Islets Isolation and Northern and Western Blot Analyses.
The bile ducts of six anesthetized, Sprague–Dawley rats were cannulated with a 27-gauge needle, and the pancreas was distended with a solution containing 2 mg/ml collagenase. Each pancreas then was incubated in a tissue culture flask at 37°C and the islets isolated by the method of Gotoh et al. (11). Total RNA was extracted from 100 and 200 islets by the method of Chomczynski et al. (12). Separate experiments were performed using 400 rat pancreatic islets incubated in RPMI 1640 medium containing 2.8 or 30 mM glucose for 12 hr, after which the RNA was extracted for Northern blot analysis.
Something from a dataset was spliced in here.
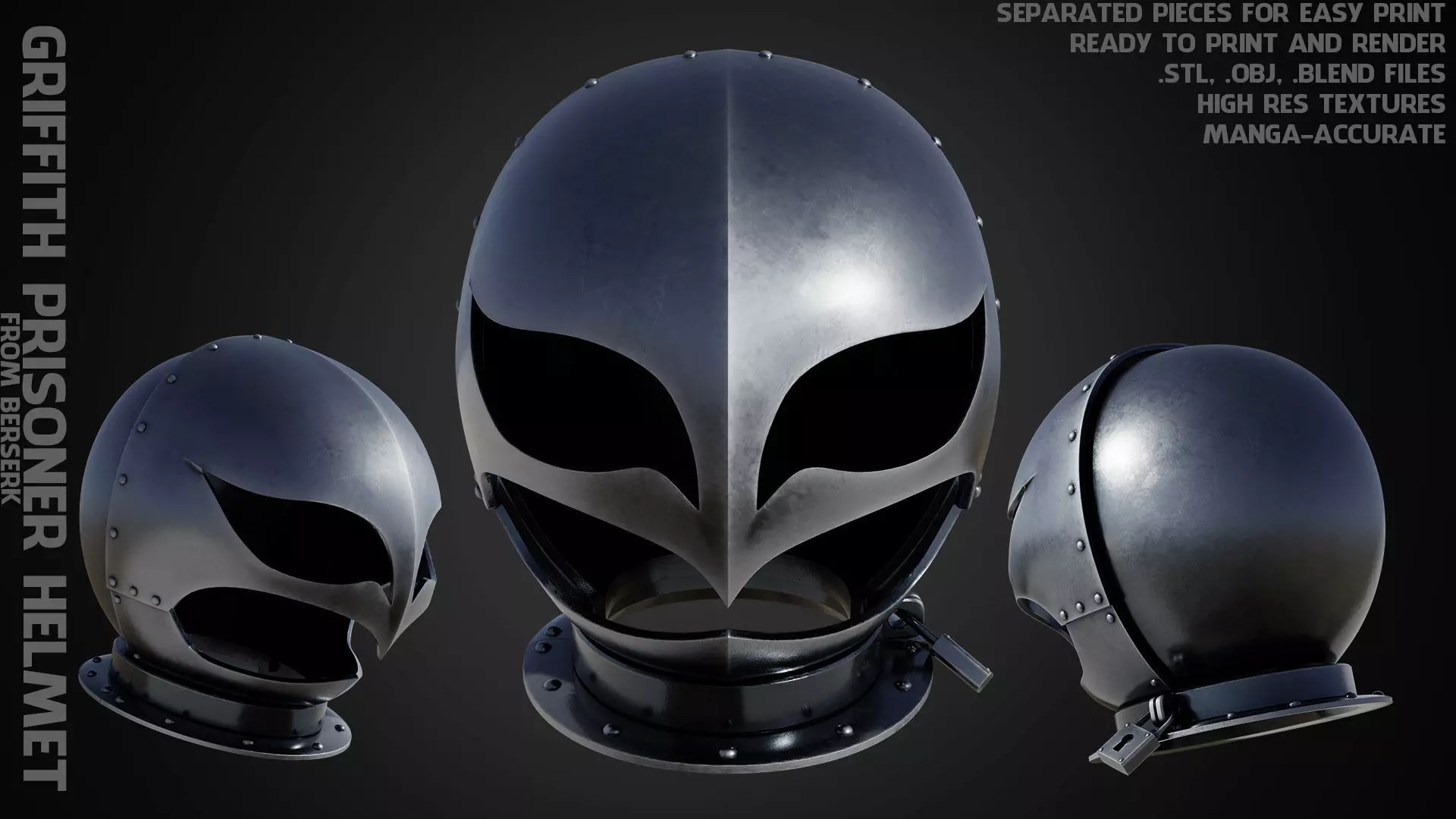 Griffith Prisoner Helmet from Berserk ready to print and render real-life scale (anime-accurate)

Proteins were extracted from INS-1 cells, and islets were freshly isolated or kept in culture for up to 3 days. Lysis was performed with Tris-buffered saline containing 1% Nonidet P-40 and 2 mM EDTA, after which the cellular debris was pelleted and the supernatants were collected. The protein contents were measured using the Bio-Rad protein assay kit. Cellular proteins (40 μg) were diluted with an equal volume of reducing SDS/PAGE sample buffer and electrophoresed through 18% polyacrylamide gels and transferred to nitrocellulose membranes (Schleicher & Schuell) at 50 V for 14 hr. Membranes were blocked with PBS containing 5% nonfat dry milk and incubated first with anti-MIF polyclonal rabbit serum (3) (diluted 1:800) and then with horseradish peroxidase-conjugated goat anti-rabbit IgG antibody (diluted 1:5,000). Incubations were performed for 1 hr each. MIF was visualized with the chemiluminescence ECL system (Amersham).
Immunocytochemistry.
Adult mice were anesthetized and rapidly perfused with 20 ml of PBS followed by a continuous perfusion of 4% paraformaldehyde dissolved in PBS. The pancreata were removed and paraffin-embedded, and 8-μm sections were used for immunohistochemistry. After a preincubation with 5% H2O2 for 15 min, the sections were rinsed in 0.5% Triton X-100 dissolved in PBS for 15 min and then incubated for 2 hr in PBS supplemented with 5% BSA/0.5% Triton X-100/2% goat serum. Sections then were incubated for 20 hr at 4°C with anti-recombinant MIF (anti-rMIF) or pre-immune serum, anti-insulin, anti-GLUT2 antibodies (3, 13), and anti-CD14 antibodies (PharMingen). Polyclonal anti-MIF antibody was raised to mouse rMIF and has been shown previously to react specifically with MIF in tissue sections (14). Anti-MIF IgGs were purified by protein G affinity chromatography. Sections then were incubated 4 hr at room temperature with the secondary antibody (biotinylated goat anti-rabbit IgG diluted 1:200 in PBS) and then for 2 hr at room temperature with avidin-biotinylated peroxidase complex (diluted 1:50 in PBS, ABC kit, Vector Laboratories). The peroxidase reactions were visualized with 3,3′-diaminobenzidine tetrahydrochloride dihydrate (Fluka) dissolved in PBS containing 0.3% H2O2. Photographs were taken with a Reichert polyvar microscope using transmitted light optics and photographed on Kodak Ektachrome EPJ 320 film.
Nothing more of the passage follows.